State budget woes pose problems for Placer County

The housing downturn and the bleak state budget situation are giving Placer County government officials the willies and they indeed will be sweating out myriad fiscal uncertainties for the next several months.

The board of supervisors was given a mid-year budget review this week and, like the overall situation, it was filled with uncertainties, largely because of the state’s $14.5 billion deficit and Governor Schwarzenegger’s call for a 10 percent “across the board” reduction in state spending.

Placer County officials and those in California’s 57 other counties and the hundreds of cities and special districts therein are hoping the Legislature will reach a compromise with the governor and ease much of the pain.
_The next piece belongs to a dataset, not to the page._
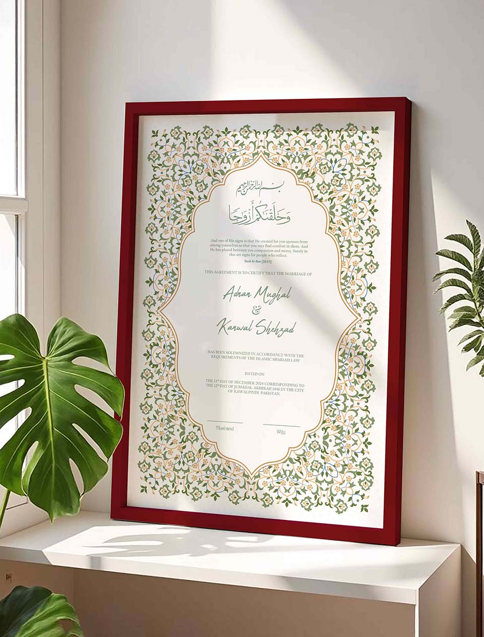 We package each frame securely to ensure it arrives safely at your doorstep, ready for you to display and admire. Whether you’re searching for a meaningful nikah contract or a special piece for yourself, our nikkah certificate frames beautifully preserve the memories that matter. Place your order now according to your requirements and enjoy fast delivery in Pakistan. We are confident that our product will surpass your expectations.
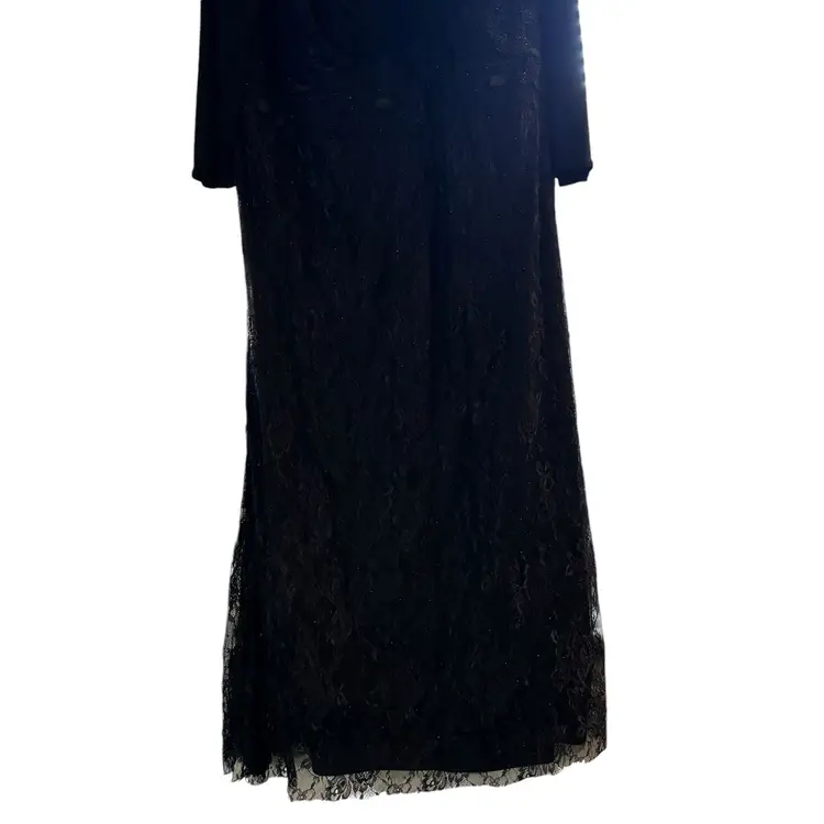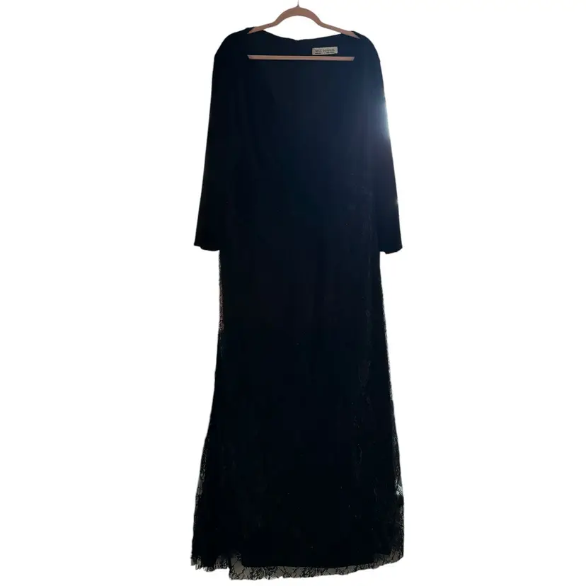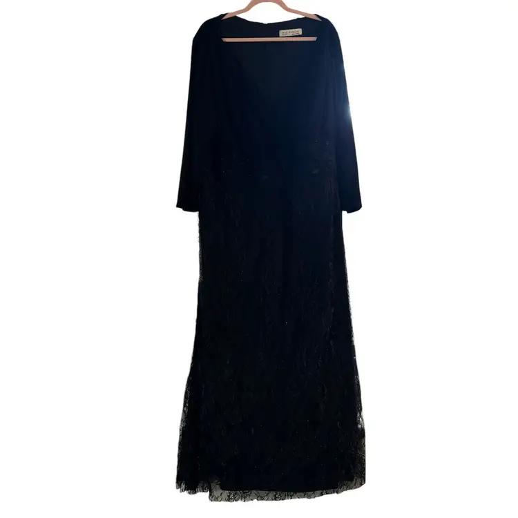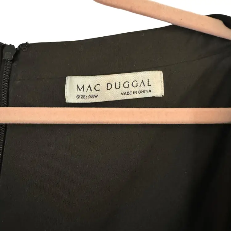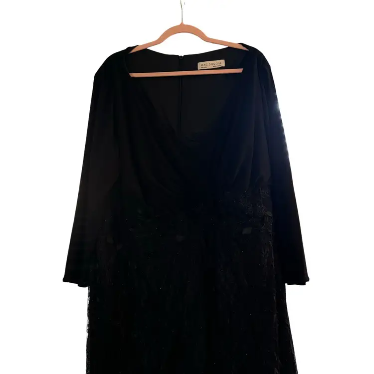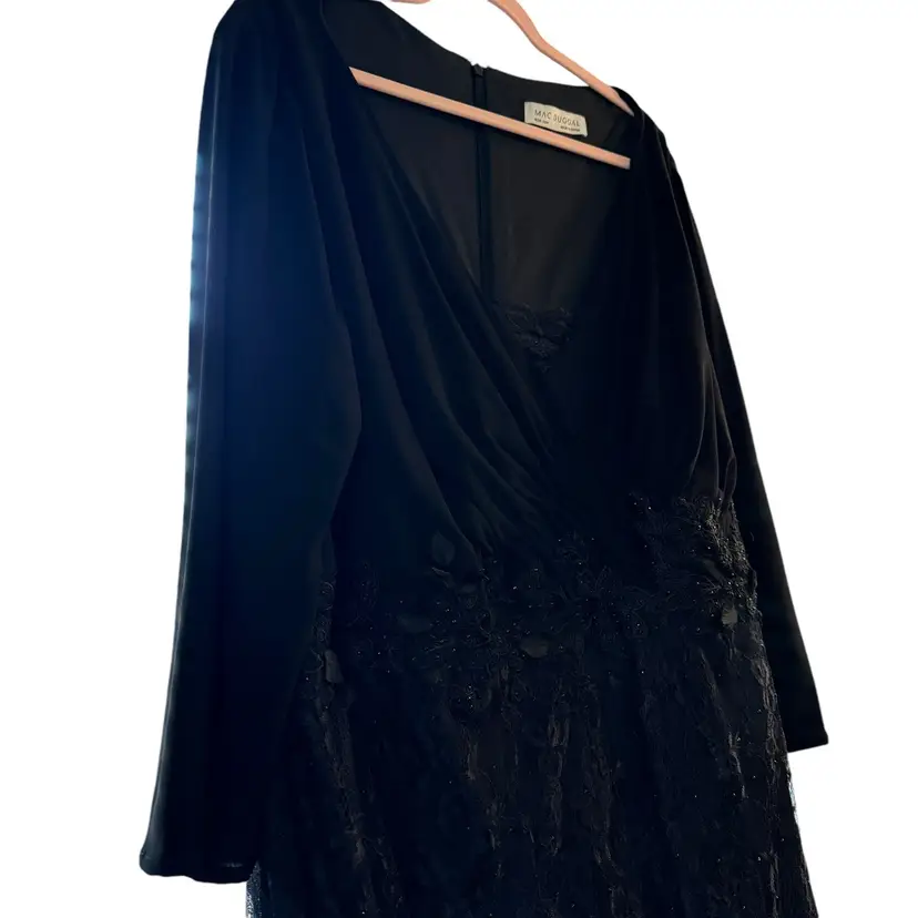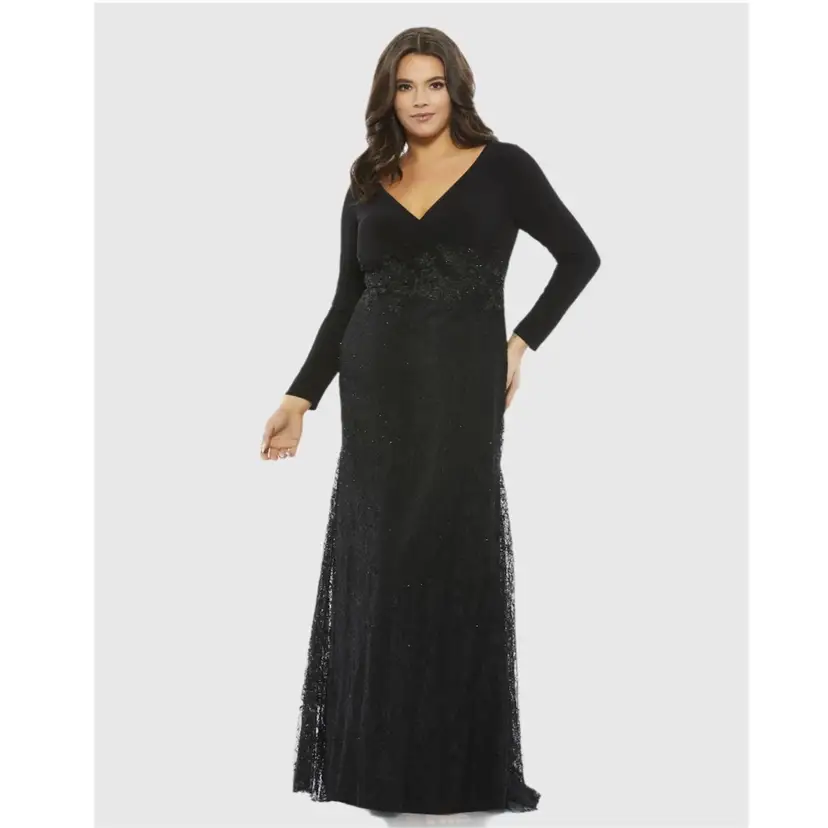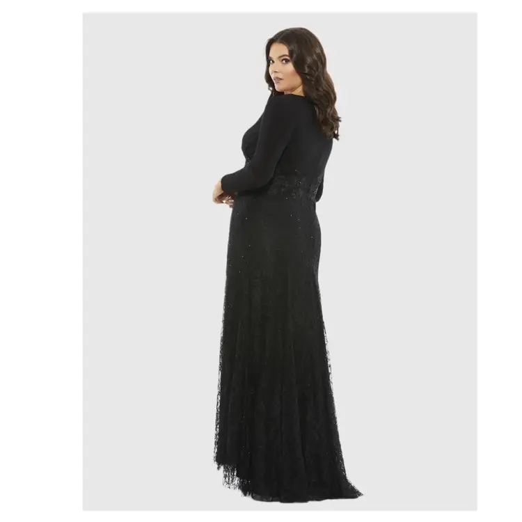 Mac Duggal Black Beaded Wrap Over Long Sleeve Lace Appliqué Trumpet Plus Size Gown Size 28W Trumpet style with wrap over bodice Beaded skirt Hidden back zipper Mother of the bride, bridesmaid, elegant event, wedding Stock photo credit: Mac Duggal

If the Schwarzenegger plan were to go unchallenged, it would see Placer’s health and human services’ programs take a $7.5 million hit. Numerous other programs, including those involving public safety, would also be clobbered. And keep in mind that as of last June 30 the state still owed the county at least $10 million in deferred reimbursements.

In their report to the board Tuesday, budgeteers Jeff Bell and Linda Oakman noted that the county’s housing market continues to slow “and single family dwelling unit permits are down 17 percent when compared to last year.”

Sales tax revenue is down about five percent while property tax revenues “are generally tracking slightly higher than were budgeted, but are well below the year-over-year increases the county has experienced in previous years.”

Aware of the uncertainties, the county ordered tightened hiring standards in December under which “each proposed hire is reviewed under more stringent criteria on a case-by-case basis.”
The supervisors will hold a strategic budget planning workshop on March 18.

The slowing pace of new construction has also affected the Placer County Water Agency, which is now reevaluating plans for water system expansion projects.

Einar Maisch, the PCWA’s director of strategic affairs, told his bosses last week that the agency had anticipated about 900 new water connections in west Placer’s Zones 1 and 3 last year but recorded only 320 — the lowest number of paid hookups since the PCWA began keeping such records 22 years ago.

Brian Martin, the agency’s technical services chief, said construction of the new water treatment plant in the Ophir area probably will be delayed a few years.